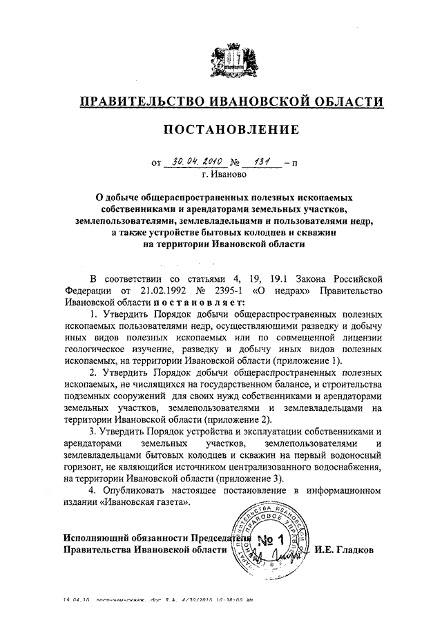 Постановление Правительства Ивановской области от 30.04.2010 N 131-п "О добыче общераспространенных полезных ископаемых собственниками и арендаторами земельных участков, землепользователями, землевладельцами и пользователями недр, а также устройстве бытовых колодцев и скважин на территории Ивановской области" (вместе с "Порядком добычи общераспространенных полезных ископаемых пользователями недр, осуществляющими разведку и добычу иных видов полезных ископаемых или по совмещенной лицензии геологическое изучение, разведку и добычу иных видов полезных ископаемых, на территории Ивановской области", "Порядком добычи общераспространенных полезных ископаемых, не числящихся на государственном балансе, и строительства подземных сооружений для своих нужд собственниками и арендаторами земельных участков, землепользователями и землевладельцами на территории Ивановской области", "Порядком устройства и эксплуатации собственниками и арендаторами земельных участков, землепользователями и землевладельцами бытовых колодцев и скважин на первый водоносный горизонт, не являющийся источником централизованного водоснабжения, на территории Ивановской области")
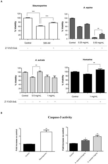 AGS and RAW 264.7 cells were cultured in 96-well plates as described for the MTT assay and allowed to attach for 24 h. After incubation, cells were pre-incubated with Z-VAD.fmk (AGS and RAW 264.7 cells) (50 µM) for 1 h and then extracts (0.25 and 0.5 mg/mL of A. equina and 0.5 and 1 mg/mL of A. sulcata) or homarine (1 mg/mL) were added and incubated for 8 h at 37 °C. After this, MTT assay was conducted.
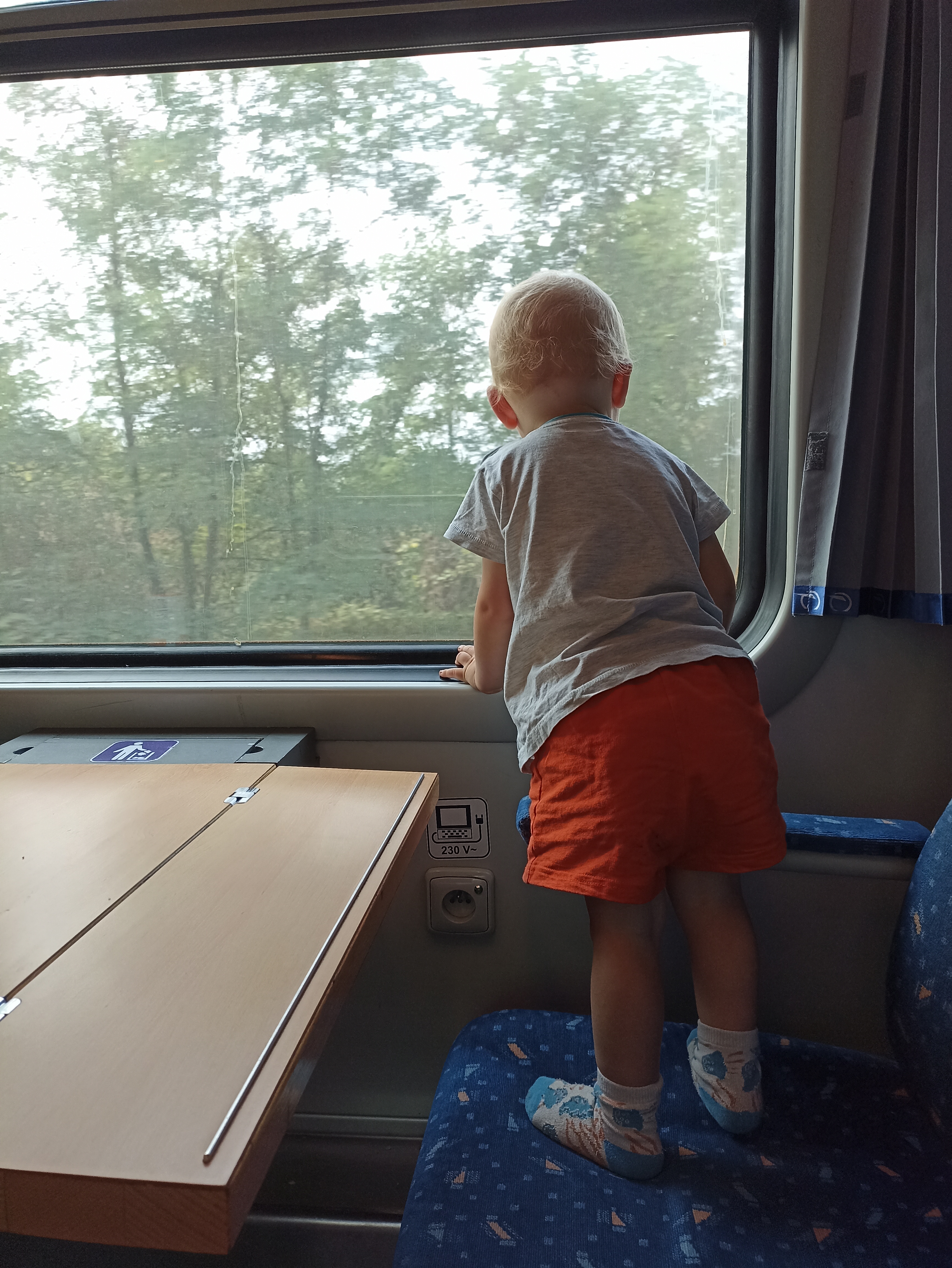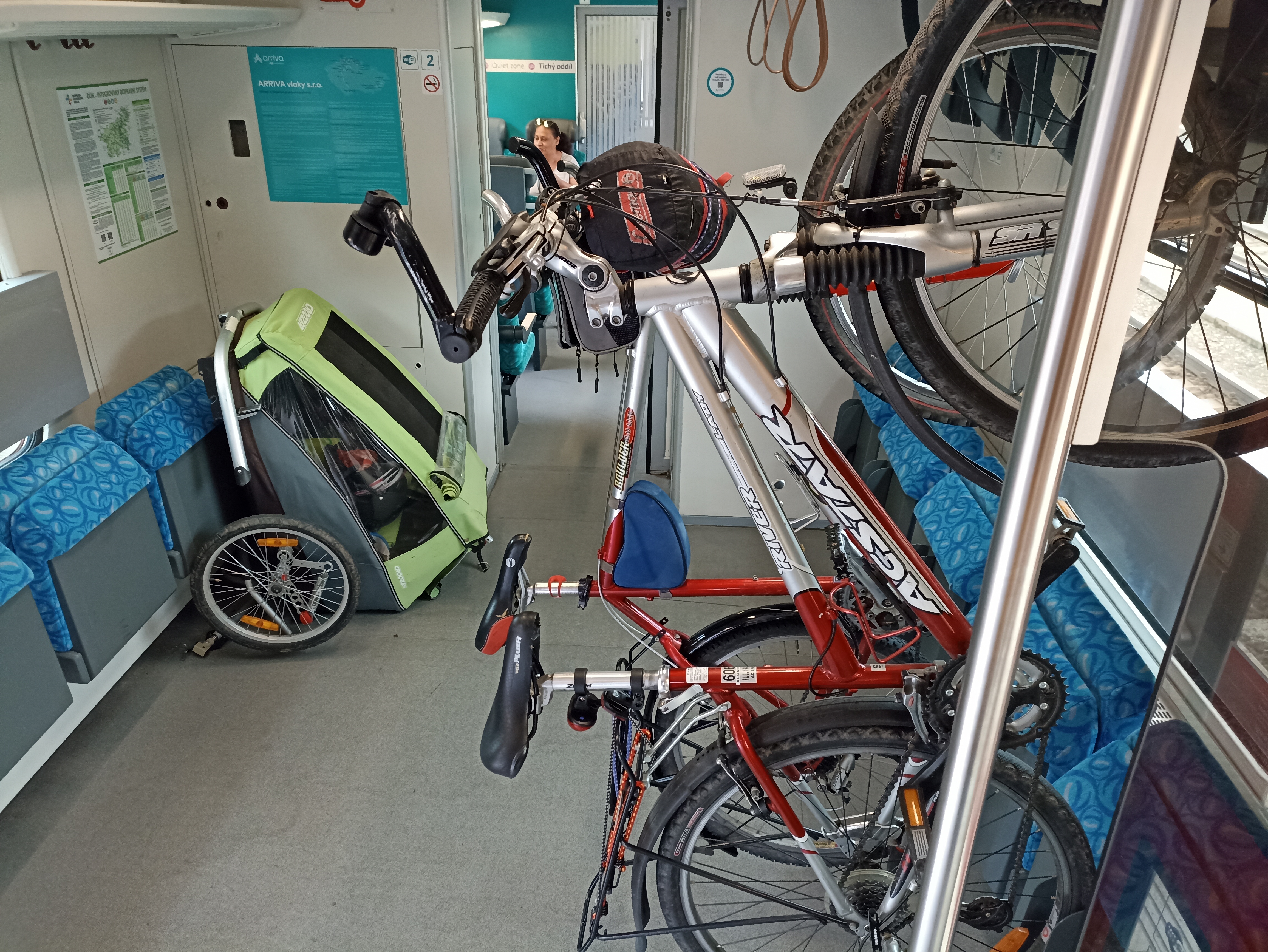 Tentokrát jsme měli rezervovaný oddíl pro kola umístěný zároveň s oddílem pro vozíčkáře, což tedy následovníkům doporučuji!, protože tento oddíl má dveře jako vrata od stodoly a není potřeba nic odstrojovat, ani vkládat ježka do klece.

---

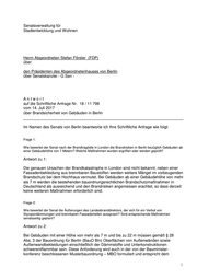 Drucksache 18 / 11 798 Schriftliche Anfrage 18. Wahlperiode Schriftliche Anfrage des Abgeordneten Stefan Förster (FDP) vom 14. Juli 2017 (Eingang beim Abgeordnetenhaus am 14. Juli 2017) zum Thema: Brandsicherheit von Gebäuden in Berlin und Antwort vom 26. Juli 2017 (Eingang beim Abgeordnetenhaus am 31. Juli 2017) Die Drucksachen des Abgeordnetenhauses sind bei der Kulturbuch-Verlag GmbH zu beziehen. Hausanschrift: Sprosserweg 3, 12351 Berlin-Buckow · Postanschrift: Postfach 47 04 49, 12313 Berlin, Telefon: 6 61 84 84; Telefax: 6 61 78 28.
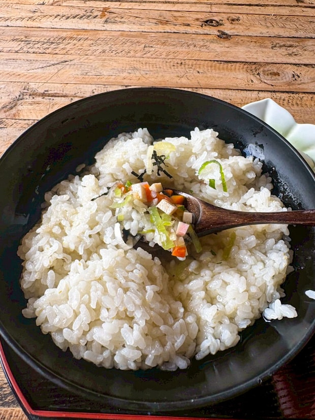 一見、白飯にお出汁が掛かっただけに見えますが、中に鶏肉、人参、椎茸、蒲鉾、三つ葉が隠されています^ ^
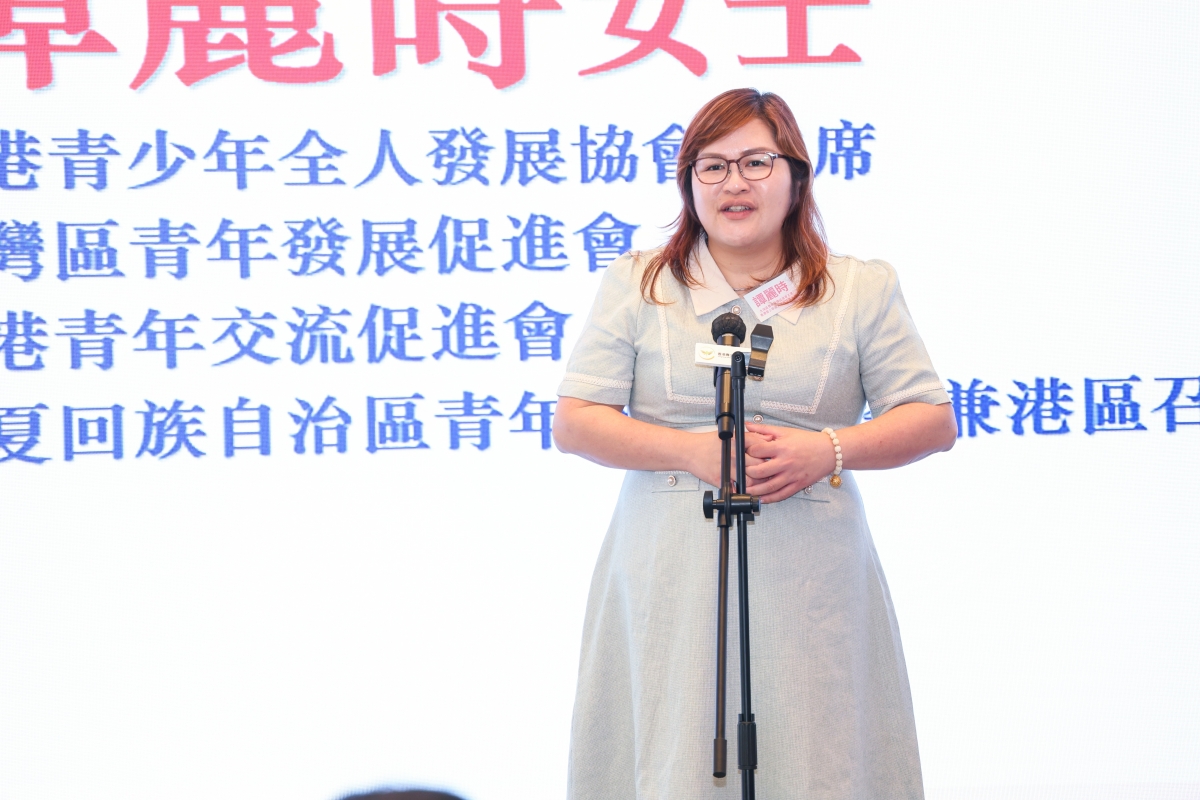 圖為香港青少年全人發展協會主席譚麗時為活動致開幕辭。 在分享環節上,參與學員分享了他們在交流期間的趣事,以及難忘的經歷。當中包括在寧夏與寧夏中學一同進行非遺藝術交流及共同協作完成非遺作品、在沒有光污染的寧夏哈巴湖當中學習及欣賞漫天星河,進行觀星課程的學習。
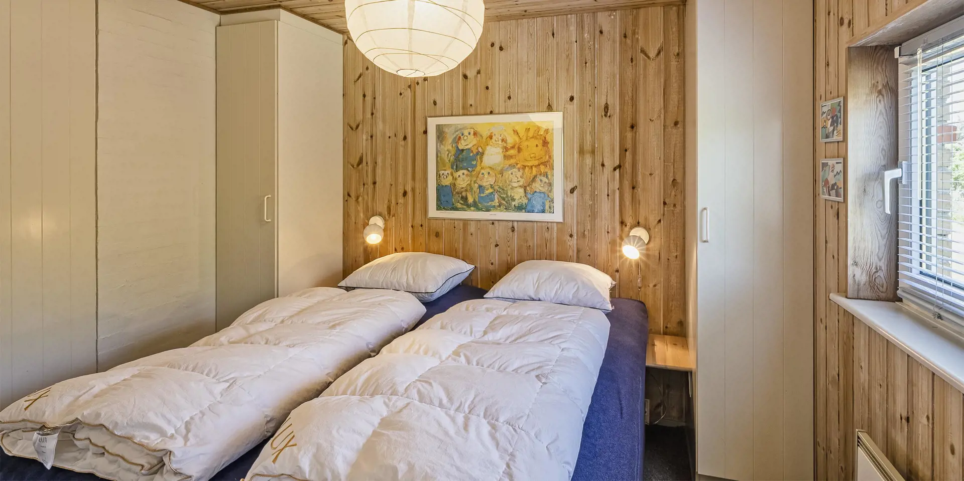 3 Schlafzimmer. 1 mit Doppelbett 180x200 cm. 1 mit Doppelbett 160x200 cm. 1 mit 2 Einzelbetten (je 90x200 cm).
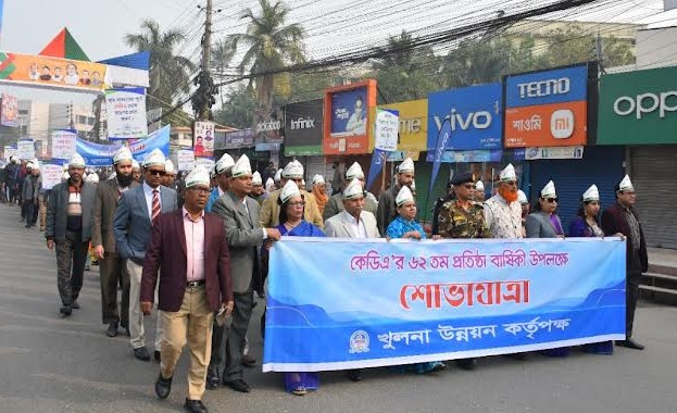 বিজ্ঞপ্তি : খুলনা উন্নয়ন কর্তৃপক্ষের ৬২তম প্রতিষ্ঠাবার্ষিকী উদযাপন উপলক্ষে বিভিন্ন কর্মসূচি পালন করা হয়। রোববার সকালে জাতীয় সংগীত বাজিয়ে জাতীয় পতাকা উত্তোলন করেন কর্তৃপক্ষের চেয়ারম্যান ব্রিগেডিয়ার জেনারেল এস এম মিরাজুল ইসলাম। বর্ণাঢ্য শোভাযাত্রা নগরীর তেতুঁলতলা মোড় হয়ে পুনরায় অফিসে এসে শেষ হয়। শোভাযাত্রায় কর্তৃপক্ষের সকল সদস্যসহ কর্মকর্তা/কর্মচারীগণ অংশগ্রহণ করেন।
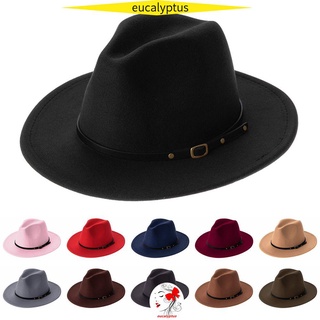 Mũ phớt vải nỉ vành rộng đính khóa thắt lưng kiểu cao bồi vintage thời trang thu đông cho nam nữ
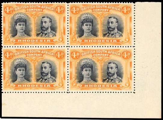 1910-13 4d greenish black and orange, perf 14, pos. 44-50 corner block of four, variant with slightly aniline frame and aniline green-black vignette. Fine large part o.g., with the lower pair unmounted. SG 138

--

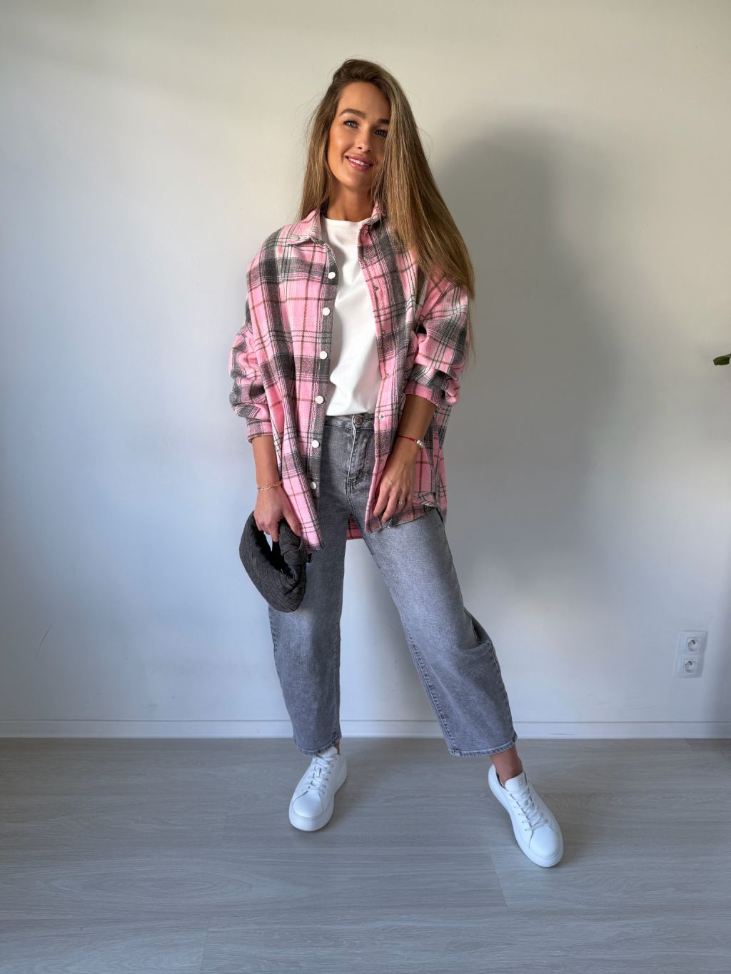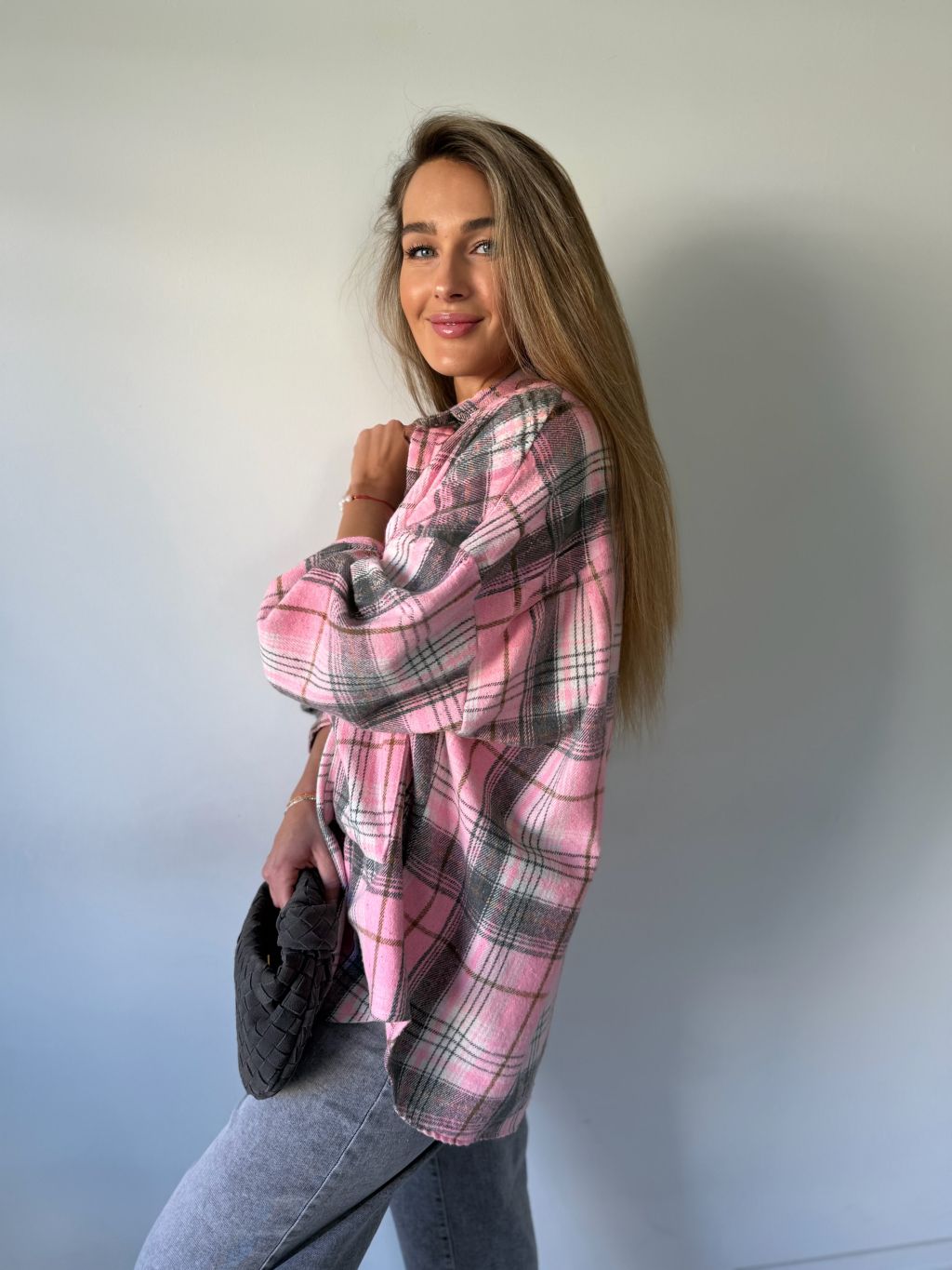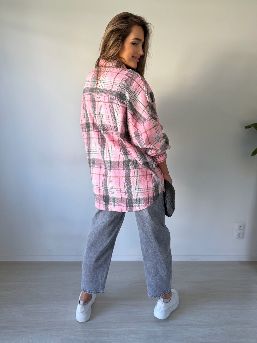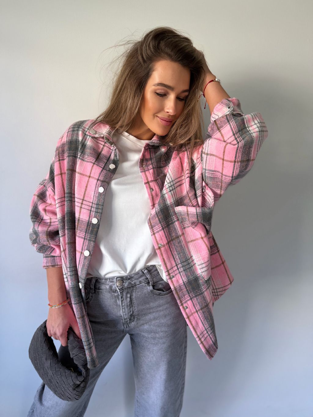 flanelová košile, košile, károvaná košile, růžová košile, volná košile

• [What is being asked]: From the records above, output only the lines starting at the one containing "Mũ phớt vải" and ending at the one containing "1910-13 4d greenish", word for word. Pictures stay out.

• [Task solution]:
 Mũ phớt vải nỉ vành rộng đính khóa thắt lưng kiểu cao bồi vintage thời trang thu đông cho nam nữ
 1910-13 4d greenish black and orange, perf 14, pos. 44-50 corner block of four, variant with slightly aniline frame and aniline green-black vignette. Fine large part o.g., with the lower pair unmounted. SG 138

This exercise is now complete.